DESCRIPTION OF THE TASK:
Only the lines from the line containing "广东省广州市第六中学2015届高三9月第二次月考(数学文)" to the end of the material belong in the copy; set them down exactly, without pictures.

DATASET SECTION:

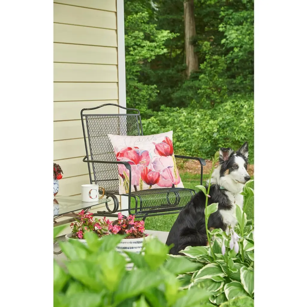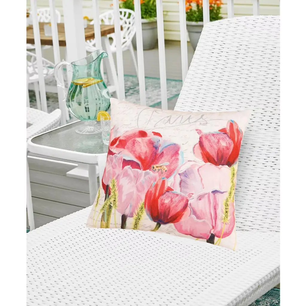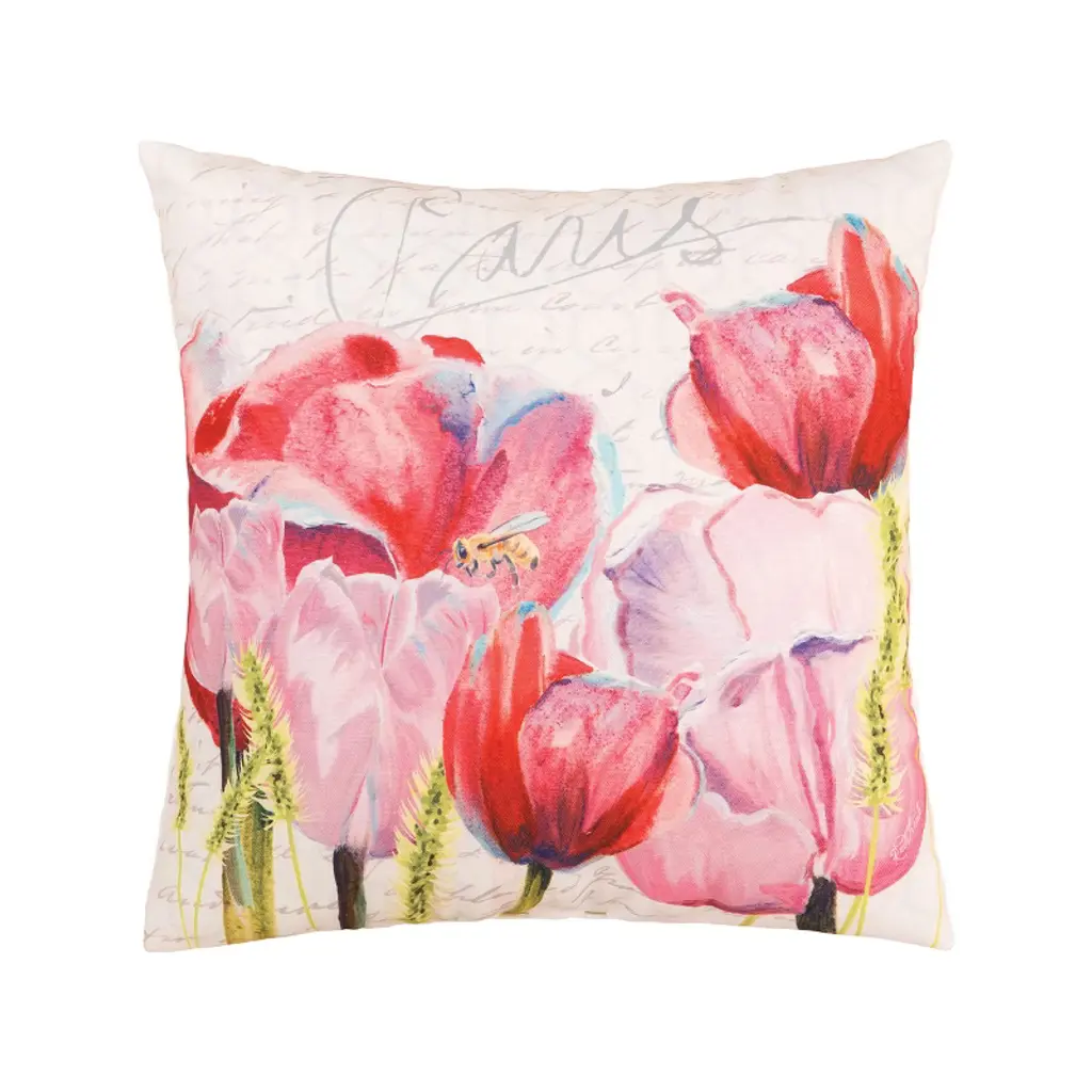 Take your indoor style outdoors with C&F Home's indoor/outdoor pillows. Featuring a field of bright pink tulips and elegant script writing, reminiscent of spring in Paris. Created in collaboration with artist Jennifer Redstreake, this pillow will bring a pop of color and sunshine to any space. From crisp nights on the patio to sunny springtime bedrooms, the design possibilities are endless. Fade resistant, this pillow is crafted with a soft polyester cover and polyfill for plushness and quick drying. Spot cleaning recommended.
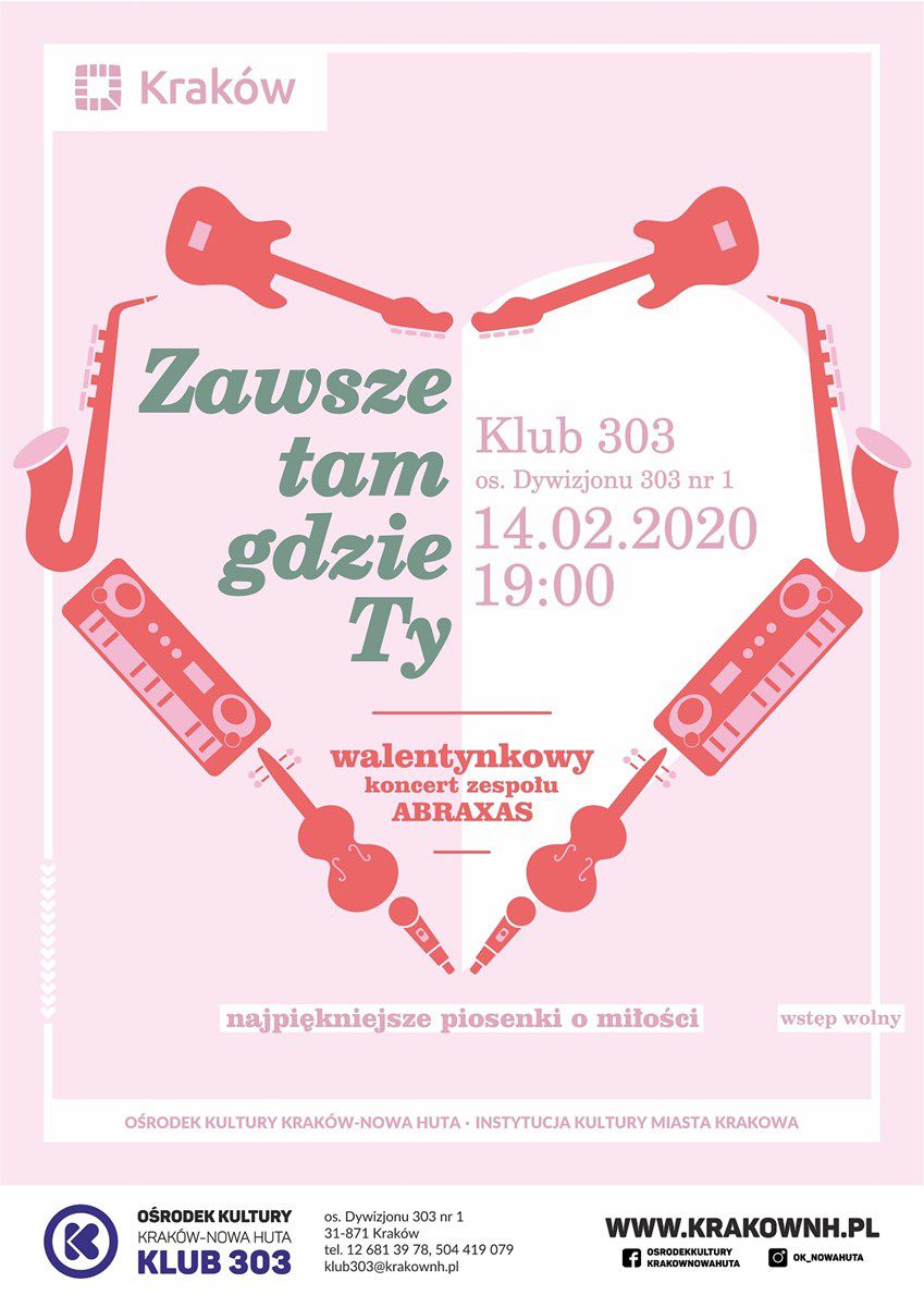 Jedni mówiš o nich wprost. Inni - wyrażajš je poezjš, muzykš, słowami piosenek. Jeszcze inni - prostym życzliwym gestem lub symbolicznym podarunkiem. Sš inspiracjš artystów, muzyków i poetów od zarania dziejów. Mowa oczywicie o uczuciach, które w walentynkowe więto wybrzmiewajš pod przeróżnymi postaciami. W walentynkowy wieczór Klub 303 Orodka Kultury Kraków-Nowa Huta serdecznie zaprasza dorosłych w każdym wieku na spotkanie z najpiękniejszymi piosenkami o miłoci, które wykona zespół ABRAXAS. W pierwszej częci wydarzenia uczestnicy wysłuchajš utworów takich artystów jak Anna Jantar, Andrzej Zaucha, Barbra Streisand czy Stevie Wonder. Po koncercie zaplanowano potańcówkę oczywicie z muzykš na żywo.
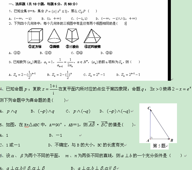 广东省广州市第六中学2015届高三9月第二次月考(数学文)
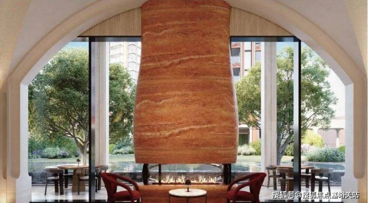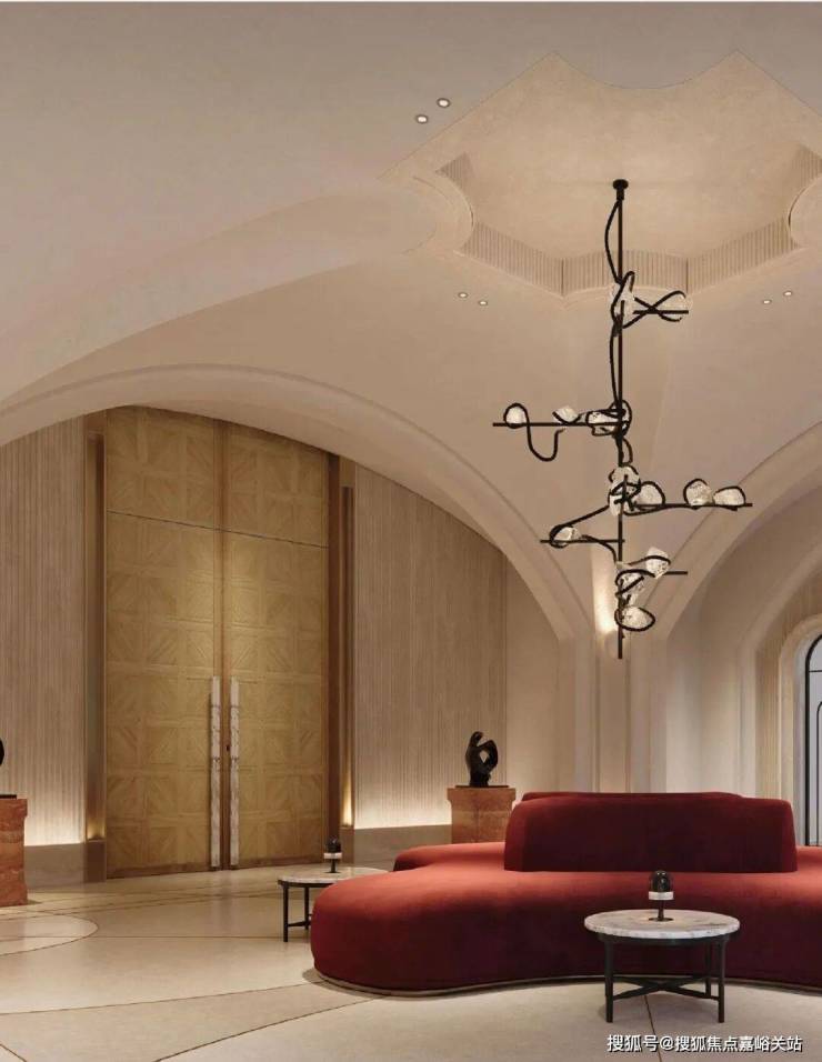 大堂位于主入口。米白色调为主,中辅以温暖红橘色调,拱形吊顶、铁艺花门和拼贴机理大理石地面交织复古与现代。枝形吊灯散发出艺术光芒,红洞石装置与室外红砖立面遥相呼应。复古橘色非围合沙发洋溢着温情,四向座席无主次之分望向室内或花园,四向皆景。

EXERCISE OUTPUT:
 广东省广州市第六中学2015届高三9月第二次月考(数学文)
 大堂位于主入口。米白色调为主,中辅以温暖红橘色调,拱形吊顶、铁艺花门和拼贴机理大理石地面交织复古与现代。枝形吊灯散发出艺术光芒,红洞石装置与室外红砖立面遥相呼应。复古橘色非围合沙发洋溢着温情,四向座席无主次之分望向室内或花园,四向皆景。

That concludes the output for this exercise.